# Spark Learning Note - Basic Structured Operations

## DataFrame vs Dataset

- DataFrames are untyped until runtime - when you execute on it
- Datasets are typed during the compiling time - when you declare it
- Usually just work with DataFrames. When need strict compile-time checking, Dataset is prefered.
- Since Python is Dynamic language, it does not support Datasets (at least for Spark2)

## Structured API Execution Steps

- Write DataFrame/Dataset/SQL code
- Spark convert code to logical plan (analyze and **optimize** the logical plan)
- Spark transform logical plan to physical plan (**optimize** the physical plan, how to execute on cluster)
- Spark Execute physical plan on clusters

In [27]:
from pyspark.sql import SparkSession
data_example_path = '/home/jgeng/Documents/Git/SparkLearning/data/2015flight.csv'

### Spark Session
The entry point into all functionality in Spark is the SparkSession class. To create a basic SparkSession, just use SparkSession.builder:

In [22]:
# build a spark session locally
spark = SparkSession.builder.appName('Spark Example').getOrCreate()
spark

### 1. Read File into DataFrame
Spark session can read file of differemt formats.
- Use `.format()` to specify file format
- `option()` provide many configurations for reading the data such as read header
- DataFrame object has a method `printSchema()`

DataType on Read:
- `json` file contains information regarding the type of the data (but not precision). 
- data in `csv` file will be read as string if not specified
- **the** `option('inferSchema', True)` **will enable the schema inference for reading the csv file**

In [28]:
# read from csv file
df = spark.read.format('csv').load(data_example_path)

In [48]:
# when does not specify the header, spark will treate each row as a data record and add header
df.show(3)
df.printSchema() # count is in StringType!

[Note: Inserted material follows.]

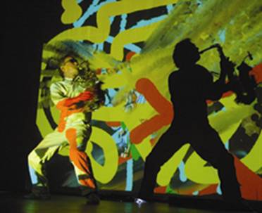 Sergio Dawi interactúa con un vestuario que le posibilita mimetizarse y ser parte de las imágenes proyectadas, sonorizando con su saxo, samplers y looperas.

+-----------------+-------------------+-----+
|DEST_COUNTRY_NAME|ORIGIN_COUNTRY_NAME|count|
+-----------------+-------------------+-----+
|    United States|            Romania|   15|
|    United States|            Croatia|    1|
|    United States|            Ireland|  344|
+-----------------+-------------------+-----+
only showing top 3 rows

root
 |-- DEST_COUNTRY_NAME: string (nullable = true)
 |-- ORIGIN_COUNTRY_NAME: string (nullable = true)
 |-- count: string (nullable = true)



In [54]:
# use option to read header
df = spark.read.format('csv').option('header', True).option('inferSchema', True).load(data_example_path)
df.show(3)
df.printSchema()  # now count is in IntegerType!

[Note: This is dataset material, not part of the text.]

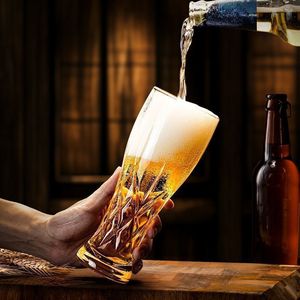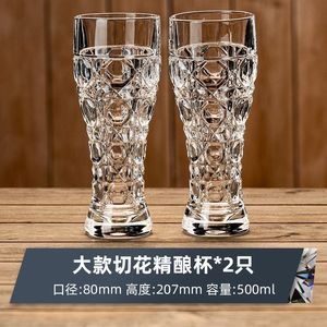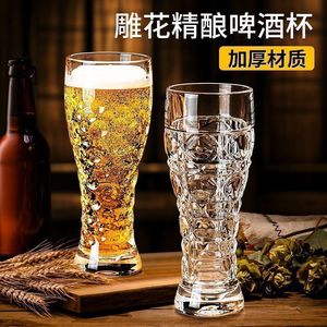 创意加厚玻璃雕花精酿收腰家用啤酒杯高颜值大容量扎啤套装饮料

+-----------------+-------------------+-----+
|DEST_COUNTRY_NAME|ORIGIN_COUNTRY_NAME|count|
+-----------------+-------------------+-----+
|    United States|            Romania|   15|
|    United States|            Croatia|    1|
|    United States|            Ireland|  344|
+-----------------+-------------------+-----+
only showing top 3 rows

root
 |-- DEST_COUNTRY_NAME: string (nullable = true)
 |-- ORIGIN_COUNTRY_NAME: string (nullable = true)
 |-- count: integer (nullable = true)



In [59]:
# very handy method
df.printSchema()

root
 |-- DEST_COUNTRY_NAME: string (nullable = true)
 |-- ORIGIN_COUNTRY_NAME: string (nullable = true)
 |-- count: integer (nullable = true)



### 2. Load File with Manual Schema

When read data from file, if not specifying the schema of your data, default schema-on-read will be created for the data. **This could cause precision issue if the data in file is in different precision. In production, it is usually recommended to manually setup the schema.**

`pyspark.sql.types` have all supported data types. 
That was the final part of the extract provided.